Вот ведь как! Макс Кляйн взял меня за локоть, и мы вошли в большую гостиную. Там, над камином, сразу бросался в глаза портрет женщины в полный рост: собранные в узел темные волосы, Каллас с грустными глазами, вся в черном, наверное, кроме рук, но и те спрятаны где-то в складках длинного платья.
«Ампаро. После смерти Люс я ей во всем признался: что я врач, а не актер, и что я мог бы лечить Люс… А потом я попросил ее выйти за меня замуж. Ни единого упрека. Она пришла сюда, осмотрела дом. Наверху толкнула дверь самой маленькой комнаты. Когда-то моей. И сказала, что готова жить здесь, но насчет свадьбы — нет. Она согласна лишь прислуживать мне, столько, сколько я буду нуждаться в ней, каждый раз, когда буду приезжать из Парижа. Она осталась верна своему слову, отказывалась есть, пока не накроет для меня и не прислужит мне за едой, стоя за моей спиной. А еще она, как и Люс, отказывалась фотографироваться. Ее образ сохранился только в моей памяти и на этой картине: состарившийся художник, тот, из Обители, который рисовал Люс на почтовых открытках, попросил ее однажды позировать. И один-единственный раз она долго говорила со мной… Вы догадываетесь о чем, не так ли?.. Об убийстве ее мужа и матери Люс… Суд моего отца ошибся: она сыграла в той трагедии свою роль, ударив ножом… И, да, они с Люс знали, чей я сын. Может быть, именно из-за этой черной тени прошлого, висящей надо мной, Люс меня и любила… Жерар Филип был просто способом сказать мне об этом… Но Люс не сомневалась, что принесет мне несчастье, потому что она, как и ее мать, потаску… Она держала меня достаточно близко, чтобы любить, и достаточно далеко, чтобы не уничтожить… Только раз Ампаро произнесла эти слова, повторять их она не хотела, а когда я спросил, потрясенный, вторя старой реплике из „Прихотей Марианны“ — голос Жерара Филипа еще звучал в моем сердце, — любила ли меня сама Ампаро, она посмотрела мне прямо в лицо, и, мсье, я готов был умереть на месте, от стыда… Остаток лет прошел в молчании. В восемьдесят она почувствовала приближение конца, встала глубокой ночью, чтобы приготовить мне в последний раз завтрак. И не смогла. У нее хватило сил только подняться обратно в свою комнату. Я обнаружил ее мертвой утром, распростертой на кровати. На ней было платье из белого сатина, с танцев в честь Освобождения. Я похоронил ее в этом одеянии новобрачной. Рядом с Люс…»
Слышно было, как стрекочут цикады. Макс Кляйн открыл секретер, вынул оттуда свои реликвии.
«Скажите, мсье, я едва осмеливаюсь вас спросить… Вы хотите, чтобы я написал вашу историю?.. Так?..»
Он согласно кивнул:
«Историю Люс и Ампаро, историю моих родителей… Я хотел… Конечно, не обошлось без лукавства, я знал, что вы писатель, видел, как вы отправились на прогулку… Сорвав жасмин, вы подарили мне выход на сцену, неожиданный… Если бы этого не произошло, я бы придумывал что-то на ходу… Хоть один раз я был хорошим актером?.. Люс осталась бы довольна мной?.. Впрочем, теперь уже не важно.
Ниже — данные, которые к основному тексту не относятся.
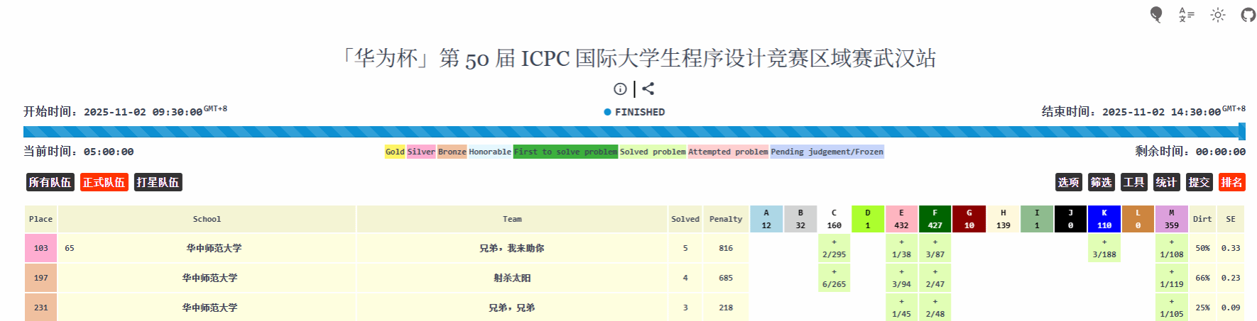 2025年下半年,第50届国际大学生程序设计竞赛(ICPC)与第11届中国大学生程序设计竞赛(CCPC)相继落幕,吸引了全国数百所高校的队伍同台竞技。华中师范大学ACM协会的队员们在这一赛季中延续拼搏精神,展现出优秀的编程素养、敏捷的创新思维与紧密的团队配合,最终收获4银、8铜的优异成绩。接下来 ,就随小猿一起回顾他们的竞赛风采与获奖全记录吧!

Сейчас, когда я давал для вас этот спектакль, когда вы провожали меня в мой опустевший рай, я жил, и они тоже… Сейчас… И мы благодарим вас за это…»
Вот и все! Наверное, никогда больше мое сердце не будет так рваться из груди, никогда больше слезы не будут так застилать мне глаза. Мы стоим в гостиной. Макс Кляйн начинает тихонько аплодировать, и я не могу оторвать взгляд от его холеных рук врача. Сволочь! А потом — это происходит само собой, не знаю, как — мы оказываемся в объятиях друг друга. Словно мальчишки в порыве чувств, вызванных первым проявлением дружбы в начальной школе, или старики, примиренные памятью о женщине, которую они оба любили — Макс Кляйн, случайный знакомый, по возрасту годящийся мне в деды, и я, только что постаревший на несколько веков.